The Romeyne Robert and Uguccione Ranieri di Sorbello Foundation is proud to have supported the research carried out by Dr. Antonella Valoroso over the past three years. Her work investigates the complex network of initiatives that, throughout the twentieth century, led to the rediscovery and renewed appreciation of Giovanni da Verrazzano—not only in Italy, but above all in the United States. Central to this process was the active involvement of New York’s Italian diasporic communities and the city’s Italian consular authorities, among whom Uguccione Ranieri di Sorbello played a key role as director of the Cultural Office established in 1963 at the Consulate General of Italy in New York.
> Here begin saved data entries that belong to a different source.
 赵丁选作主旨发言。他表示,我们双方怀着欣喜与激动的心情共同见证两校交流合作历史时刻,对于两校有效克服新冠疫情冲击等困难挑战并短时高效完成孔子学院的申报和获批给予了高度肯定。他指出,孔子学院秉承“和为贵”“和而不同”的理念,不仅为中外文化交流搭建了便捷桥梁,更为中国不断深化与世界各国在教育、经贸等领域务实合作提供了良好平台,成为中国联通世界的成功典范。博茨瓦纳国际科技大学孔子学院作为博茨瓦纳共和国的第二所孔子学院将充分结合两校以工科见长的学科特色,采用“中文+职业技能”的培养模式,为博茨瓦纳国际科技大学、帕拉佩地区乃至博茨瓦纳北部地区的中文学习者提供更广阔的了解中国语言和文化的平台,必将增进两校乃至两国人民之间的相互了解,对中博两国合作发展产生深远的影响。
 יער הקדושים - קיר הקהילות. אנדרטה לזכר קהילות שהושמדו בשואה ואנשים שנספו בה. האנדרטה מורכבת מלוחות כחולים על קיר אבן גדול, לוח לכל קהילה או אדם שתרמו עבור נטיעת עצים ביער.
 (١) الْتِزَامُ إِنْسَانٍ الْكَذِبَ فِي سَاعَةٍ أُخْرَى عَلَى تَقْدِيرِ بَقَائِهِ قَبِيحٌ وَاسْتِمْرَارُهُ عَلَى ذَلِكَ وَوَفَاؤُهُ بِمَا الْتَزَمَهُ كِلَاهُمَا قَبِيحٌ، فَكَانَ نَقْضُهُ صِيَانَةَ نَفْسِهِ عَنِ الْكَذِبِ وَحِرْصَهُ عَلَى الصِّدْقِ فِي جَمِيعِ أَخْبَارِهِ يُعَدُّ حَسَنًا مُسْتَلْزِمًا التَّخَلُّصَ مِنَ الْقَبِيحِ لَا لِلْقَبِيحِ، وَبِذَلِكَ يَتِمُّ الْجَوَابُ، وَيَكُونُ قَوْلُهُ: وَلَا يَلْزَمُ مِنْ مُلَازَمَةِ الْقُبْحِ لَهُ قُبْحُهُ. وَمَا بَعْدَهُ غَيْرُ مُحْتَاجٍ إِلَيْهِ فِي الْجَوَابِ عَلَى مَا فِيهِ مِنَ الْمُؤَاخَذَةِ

Drawing on extensive archival research conducted in both Italy and the United States, Dr. Valoroso has reconstructed this multifaceted historical narrative, now published as a richly illustrated bilingual volume: A Bridge for Giovanni da Verrazzano. Stories of Cultural Diplomacy from Greve in Chianti to New York (Perugia, Morlacchi Editore, 2025). The book was published with the support of the Fondazione Ranieri di Sorbello, the Municipality of Greve in Chianti—Giovanni da Verrazzano’s birthplace—the Verrazzano Foundation, and the John D. Calandra Italian American Institute.
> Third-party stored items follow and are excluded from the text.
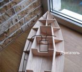 По конструкции-в данном исполнении во внутреннем отсеке для удобства монтажа и регулировки шпангоуты не нужны-обклейте внутреннюю часть стеклотканью место под подмоторный шпангоут лучше усилить дополнительно.Все бальзовые детали нужно пропитать эпоксидной смолой .Свободные отсеки заполнить легким пенопластом-поможет при появлении пробоины-бальза хоть и будет обклеена стеклом материал достаточно нежный.Ц.T для начала 1/3 от плоскости транца-будет нырять двигаете назад и наоборот.Выбранная Вами модель-модель F1-E1кг В.Сенфа (ФРГ) 80-х годов.Всю начинку желательно располагать как можно ниже-меньше опрокидывающий момент при резком повороте.вариантов крепления крышки несколько-от закручивания по периметру саморезами до заклейки скотчем можно сделать в виде пенала-в любом случае нужно смонтировать палубу -рамку.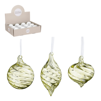 Dit ornament valt direct op door het mooie gedraaide glas in een feestelijke groene kleur. Het glazen ornament is verkrijgbaar in drie varianten; kerstbal druppel en ui. Ook mooi om elkaar te combineren! De groene kerstbal heeft een diameter van ongeveer 8 cm. Door middel van het touwtje kun je hem gemakkelijk ophangen.
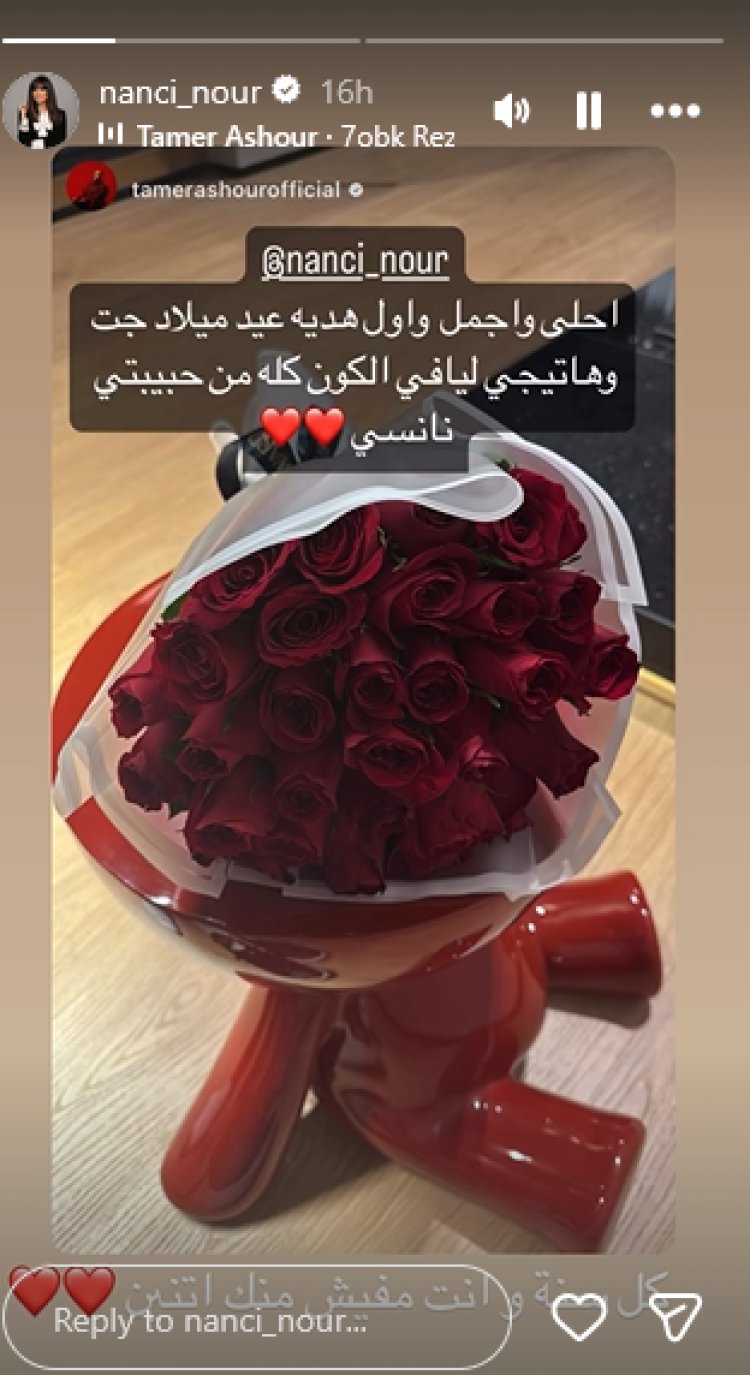 وردّت نانسي على هذه اللفتة الرومانسية بإعادة نشر تعليق زوجها على خاصية الاستوري، مصحوبًا بكلماتها: "كل سنة وأنت مفيش منك اتنين".

In the introduction to the volume, the author reflects on the layered meanings of the Verrazzano-Narrows Bridge, noting that while millions of people cross it each year—or admire its majestic silhouette in images of the New York Marathon—few are aware of the complex history embedded in its name. “This book—Valoroso writes—aims to tell that story through an interweaving of narratives: the story of how a nearly forgotten Tuscan navigator became a symbol of Italian prestige and pride; of how a largely marginalized community managed to assert its place in the founding myth of New York; and of how a far-sighted and at times visionary form of diplomacy was able to foresee and forge lasting bonds between peoples and culture.”
The impact of A Bridge for Giovanni da Verrazzano is captured in the words of Professor Anthony Julian Tamburri, Dean of the John D. Calandra Italian American Institute. His endorsement, featured on the back cover of the book, reads:
“A Bridge for Giovanni da Verrazzano offers a concise, detailed, and highly accomplished account of one of the longest suspension bridges in the world. Its story is both intriguing and engaging, recounting how Italian and Italian American communities worked together to achieve a remarkable feat—the dedication to a Tuscan explorer of what was, at the time, the longest suspension bridge in the world.”